About this exercise - Drop every picture, then print the rest of the listing exactly as given.

----- Supplied information -----

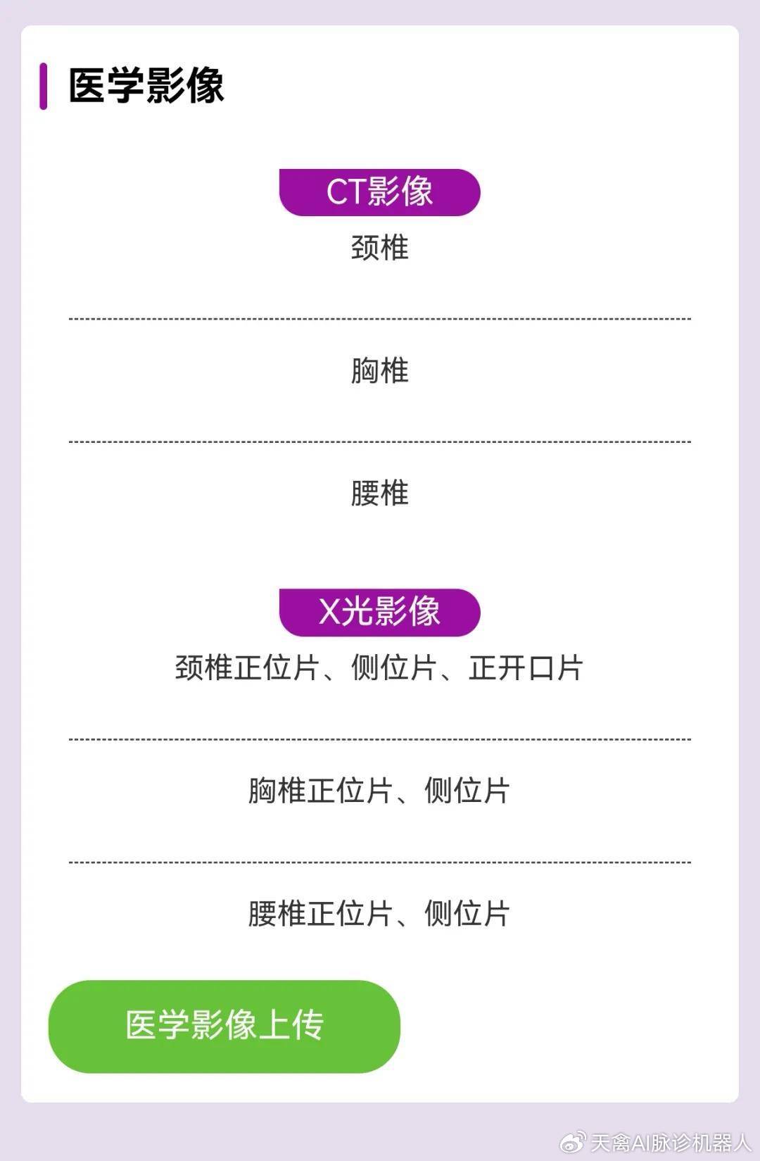 天禽AI中医脉诊仪创新集成多模态影像支持功能,CT、X光等主流医学影像均可一键上传,AI系统自动解析影像内容,精准定位骨骼结构、关节间隙等细节,快速筛查异常病灶(如骨质增生、椎间盘突出等)。报告通俗易懂,真正实现“早筛早诊”。
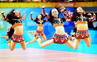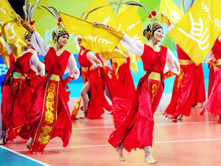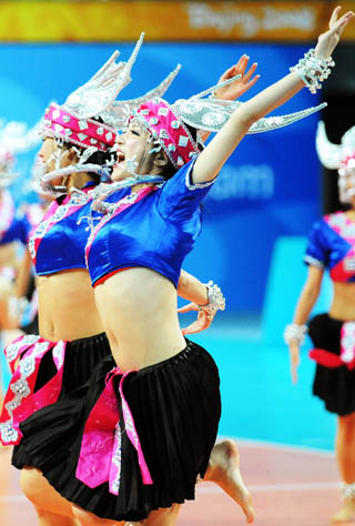 7月20日,志愿者們在進(jìn)行民族民間舞蹈表演。當(dāng)日,北京奧運會、殘奧會體育展示與頒獎儀式工作匯報暨誓師動員大會在北京理工大學(xué)體育館舉行,集中匯報展示了北京奧運會、殘奧會頒獎儀式服裝及頒獎儀式標(biāo)準(zhǔn)流程、競技拉拉操表演、民族民間舞蹈表演和吉祥物表演等項目。
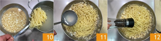 Escurran los tonnarelli en la sartén con el bacalao 10, añadan un cucharón de agua de cocción 11, pimienten 12 y mezclen todo a fuego vivo.

-----

Solution below -
 天禽AI中医脉诊仪创新集成多模态影像支持功能,CT、X光等主流医学影像均可一键上传,AI系统自动解析影像内容,精准定位骨骼结构、关节间隙等细节,快速筛查异常病灶(如骨质增生、椎间盘突出等)。报告通俗易懂,真正实现“早筛早诊”。
 7月20日,志愿者們在進(jìn)行民族民間舞蹈表演。當(dāng)日,北京奧運會、殘奧會體育展示與頒獎儀式工作匯報暨誓師動員大會在北京理工大學(xué)體育館舉行,集中匯報展示了北京奧運會、殘奧會頒獎儀式服裝及頒獎儀式標(biāo)準(zhǔn)流程、競技拉拉操表演、民族民間舞蹈表演和吉祥物表演等項目。
 Escurran los tonnarelli en la sartén con el bacalao 10, añadan un cucharón de agua de cocción 11, pimienten 12 y mezclen todo a fuego vivo.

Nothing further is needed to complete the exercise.